Fujitsu Siemens Computers GmbH was a Japanese and German vendor of information technology. The company was founded in 1999 as a 50/50 joint venture between Fujitsu Limited of Japan and Siemens of Germany. On April 1, 2009, the company became Fujitsu Technology Solutions as a result of Fujitsu buying out Siemens' share of the company.

The offerings of Fujitsu Siemens Computers extended from handheld and notebook PCs through desktops, server and storage, to IT data center products and services. Fujitsu Siemens Computers had a presence in key markets across Europe, the Middle East and Africa, while products marketed elsewhere were sold under the Fujitsu brand, with the services division extending coverage up to 170 countries worldwide.

Fujitsu Siemens Computers placed a focus on "green" computers, and was considered a leader or innovator in Green IT, across ecological and environmental markings such as Energy Star and Nordic swan.

Fujitsu Siemens sponsored McLaren Mercedes Formula-1 team in 1999 and 2000.

History
On the Fujitsu side, the origins of the company could be traced back to the mid-1980s merger of the PC divisions of Finnish Nokia and Swedish Ericsson, when Ericsson PCs were known for their ergonomics and bright colors.

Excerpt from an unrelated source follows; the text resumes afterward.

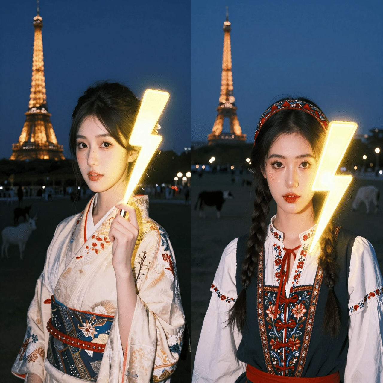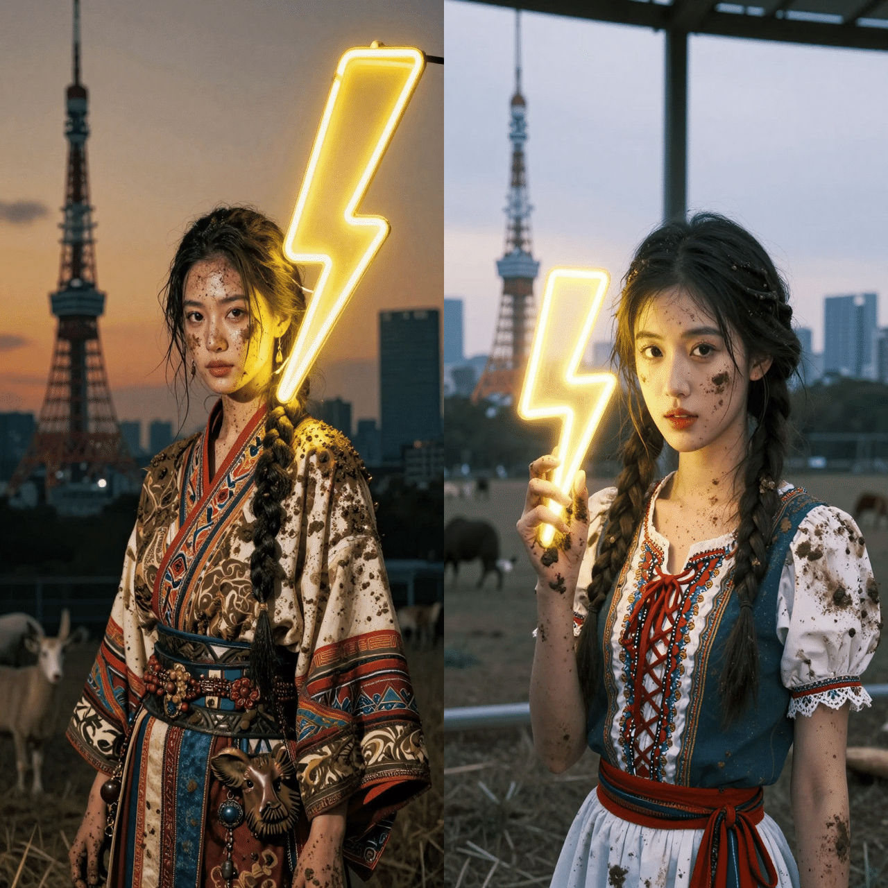 「稲妻ランプ(⚡️)」みたいな現代的な要素と、伝統的な「漢服」をミックスしても、ちゃんと破綻せずに描けるのがこのモデルの強みなんだって!

In 1991, Nokia Data was sold to the British International Computers Limited (ICL). Later ICL was absorbed by Fujitsu. Ironically, Fujitsu was originally the data division of Fuji Electric, whose name was derived from its founders; "Fu" from the Furukawa Electric zaibatsu, and "Ji" from jiimensu, the Japanese transliteration for Siemens.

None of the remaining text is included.